Private equity dollars are flowing toward clinical trial sites as industry conditions demand larger site networks, PitchBook’s analysis of first quarter 2024 deal activity shows.
“Clinical trial sites are undoubtedly the hottest category of pharma services as previously [physician practice management]-focused firms pivot into the life sciences category closest to their historical area of expertise,” the report’s authors wrote. Notable examples of this trend include the buyout of Worldwide Clinical Trials by Kohlberg & Co. and VSS Capital Partners’ investment in Eximia Research Network, both of which closed in late 2023.
Given that the trial site niche is still fragmented, there’s plenty of room for M&A activity, according to the analysis. Contract research organizations (CROs) are hopping on the opportunity, including the acquisition of site network Elixia by American Clinical Research Services in early May and Alcanza’s steady collection of trial sites in areas with large Hispanic populations.
For CROs, scooping up trial sites is one aspect of a greater movement toward vertical and horizontal consolidation, a long-standing trend that is still playing out in the space, the PitchBook report confirmed. CROs continue to combine with contract development and manufacturing organizations to establish end-to-end drug development capabilities under a single roof, making them more competitive in the outsourcing market. This is driving defensive M&A among larger firms and pushing smaller companies to find ways to scale.
All the momentum is driven by a frenzy of new cell and gene therapies, immunotherapies, and mRNA-based vaccines that have heated up the outsourcing market, along with a shift toward specialty drugs that treat narrower populations. It’s also become more expensive and complicated to get a new medicine through regulatory approval, as the FDA ramps up requirements around trial diversity and mandates a greater number of endpoints, according to PitchBook.
“As a result, pharmaceutical companies are increasingly turning to outsourced services to provide specialized support, lower costs, and reduce time to market,” the report’s authors wrote.
Private equity firms have capitalized on this momentum in recent years by shifting their healthcare investing focus from provider, business services and healthcare IT toward pharma services.

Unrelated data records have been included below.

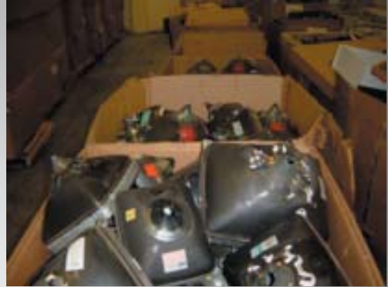
Old monitor tubes ready to be crushed to make new monitor tubes.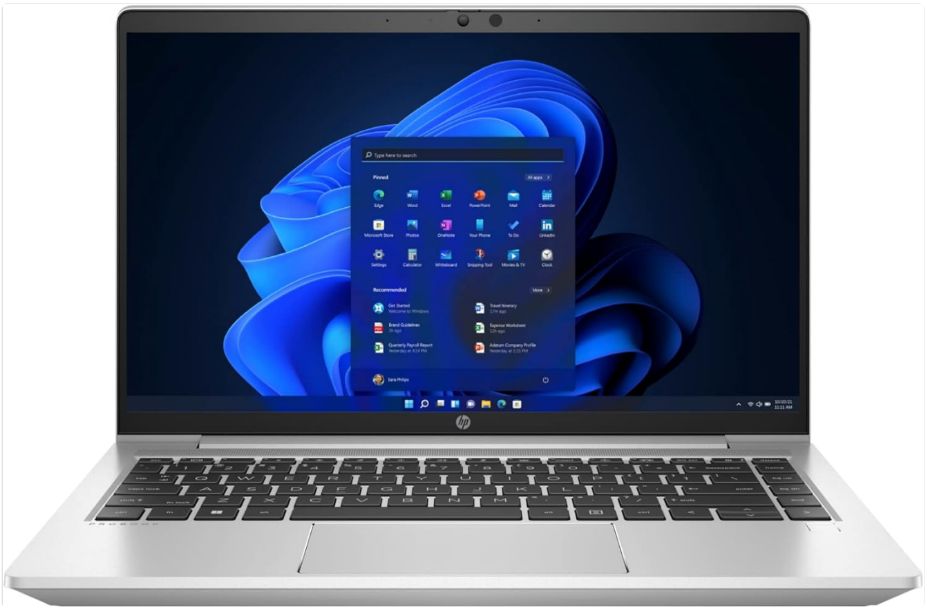
Figure 1: Front view of the HP ProBook 445 G10 laptop with the lid open, showcasing the display and keyboard.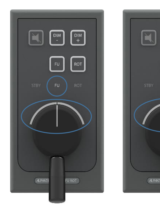
Figure 2: FU mode enabled

*Note that control must be allowed, see subsection 'Control allowed/not allowed' on page 11. Note that another active controller may need to allow control handover first, see subsection 'Control handover' on page 12.

There were 300 PE deals in the segment in 2021 and 275 in 2022, a notable jump from the 139 deals back in 2017, according to the report.
Even as activity cooled in 2023 and early 2024 in line with broader trends in healthcare, total deal activity in 2023 was 50% higher than between 2017 and 2019. Interest by sponsors in “M&A-heavy strategies” like trial site businesses is largely responsible, the report explained.